Word of GodEinführung:
In der vergangenen Woche hat die Welt einige gute Nachrichten gehört. Die Friedensbemühung mit Nordkorea ist eine davon.
In Russland hat die Fußball-Weltmeisterschaft begonnen.
Die Menschen freuen sich über diese unterschiedlichen, aber positive Nachrichten…
Leider gibt es auch immer wieder negative Berichte über Schicksale und Schmerzen der Menschen, die uns irritieren und traurig machen.
Aber die guten Nachrichten ermutigen uns und sagen,
dass wir doch die Welt im positiven Sinn mit gestalten können,
wenn wir es nur wollen.
Vor uns liegt eine neue Woche…
Wir wollen sie mit der Hilfe Gottes positiv und hoffnungsvoll angehen. Um diese Gnade bitten wir den Herrn im Kyrieruf:

Predigt:
Im Zusammenhang mit dem heutigen Gleichnis im Evangelium hört man manche Fragen:
Ist tatsächlich das Senfkorn der kleinste Samen aller Samenkörner?
Nein… Ein Senfkorn hat ungefähr 1 Millimeter Durchmesser.
Die Orchideensamen sind die kleinsten von allen Samen.

Wird die Senfpflanze zum größten Baum?
Auch das ist nicht korrekt: Senf ist kein Baum, sondern nur eine Pflanze, die etwa zwischen ein und zwei Meter hoch wird…

Sicherlich kommt dann die nächste Frage:
Vermittelt uns das Evangelium falsche Informationen?
Insbesondere von Kirchenkritikern hören wir solche Fragen.
Sie wissen, dass Jesus kein Biologe war…
Sie wissen auch, dass die heilige Schrift kein wissenschaftliches Buch ist.
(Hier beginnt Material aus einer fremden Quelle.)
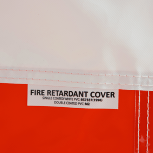 - Roter Sicherheitsstreifen und schwer entflammbares Gewebe nach DIN 4102 B1.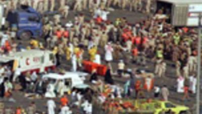 وقال مسؤولون ان الحجاج سُحقوا تحت الأقدام عند المدخل الشرقي لجسر الجمرات حينما تدافعوا لرمي الجمرات عقب الظهر في منى.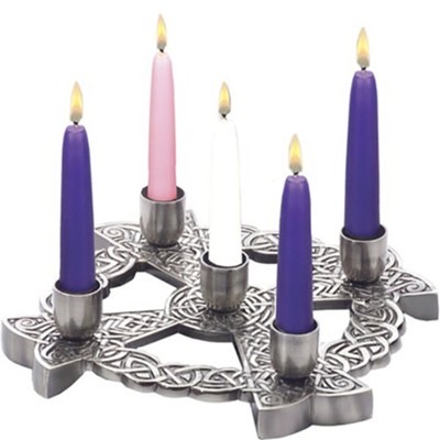 Most of these wreaths consist of four candles in a circle with a fifth candle in the center and surrounded by an evergreen bough. Although the colors are not prescribed, most people use three purple and one pink candle for the four Sundays before Christmas. The center candle, called the Advent candle, is white.
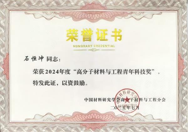 2025年,石恒沖研究員獲得2024年度高分子材料與工程青年科技獎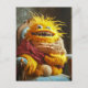Postal Wool monster crocheting in a chair. Funny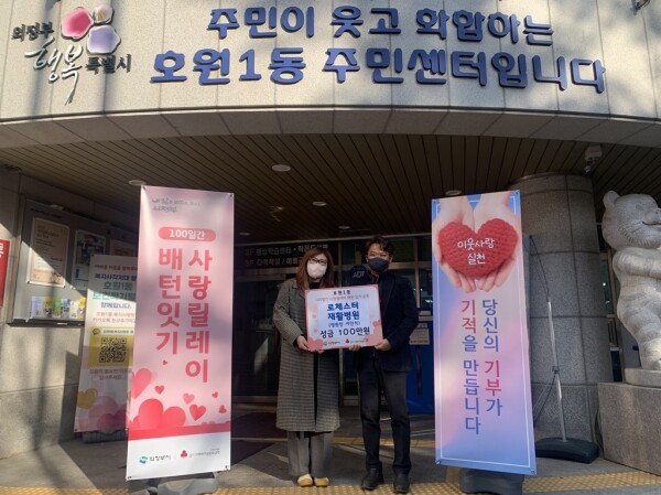 [뉴스서울] 의정부시 호원1동은 12월 7일 로체스터재활병원으로부터 성금 100만원을 기부받았다고 밝혔다.

Trotzdem drängt es sie solche Fragen zu stellen, um die Menschen zu verunsichern.
Mit der Zeit habe ich gelernt, mit solchen Kritikern nicht mehr zu diskutieren. Denn sie haben grundsätzlich etwas gegen die Kirche und die Religion. Sie suchen einfach nach Stoff um sich ‚heiß’ zu reden…
und sie würden auch nur selten eine Erklärung von uns annehmen.

Ja, wenn jemand versucht Jesus wortwörtlich zu nehmen, dann wird seine Suche in solchen Zweifeln enden.
Aber jeder, der Christus und seinen Worten ehrlich folgt spürt,
dass er mit seiner Verkündigung den Menschen nur eine Botschaft vermitteln wollte.
Dazu hat er Geschichten, eben die Gleichnisse, verwendet.
Die Symbole und Bilder in den Erzählungen waren Dinge, die den Menschen aus ihrem Alltag bekannt und geläufig waren.
So konnten sie den Sinn seiner Lehre leichter verstehen.
Und wenn sie bereit waren in seiner Nähe zu bleiben und nach dem tieferen Sinn zu suchen, dann hat Jesus ihnen seine Botschaft gerne weiter ausgelegt.
Jesus spürte, wenn seine Zuhörer echtes Interesse an seinen Worten hatten.

Menschen, die Jesu Botschaft nur oberflächlich ‚untersuchten‘, oder gar kritisierten, haben diese Chance nicht bekommen.
Sie waren nicht mehr offen und hatten oft schon ihr Urteil gefällt.

Die Bilder, die Jesus verwendet, sind auch eine Hilfe für uns.
Sie sind eine Einladung an uns, Gott zu suchen und seinen Worten ohne Vorbehalt zuzuhören.
So sollte unser Interesse an Gottes Wort sein.
Dazu müssen wir die Heilige Schrift aufmerksam lesen und eine Zeit der Stille finden, damit das Korn in uns keimen kann… Nur so werden wir seine Worte verstehen…

Gottes Wort können wir nicht allein mit unserem Verstand begreifen
dazu brauchen wir auch liebende und suchende Herzen…

Lasst uns für Gottes Wort Zeit finden.
Lasst uns immer in seiner Nähe bleiben.
Dann werden wir ihn in seiner ganzen Fülle verstehen und erleben.
Gott segne uns. Amen!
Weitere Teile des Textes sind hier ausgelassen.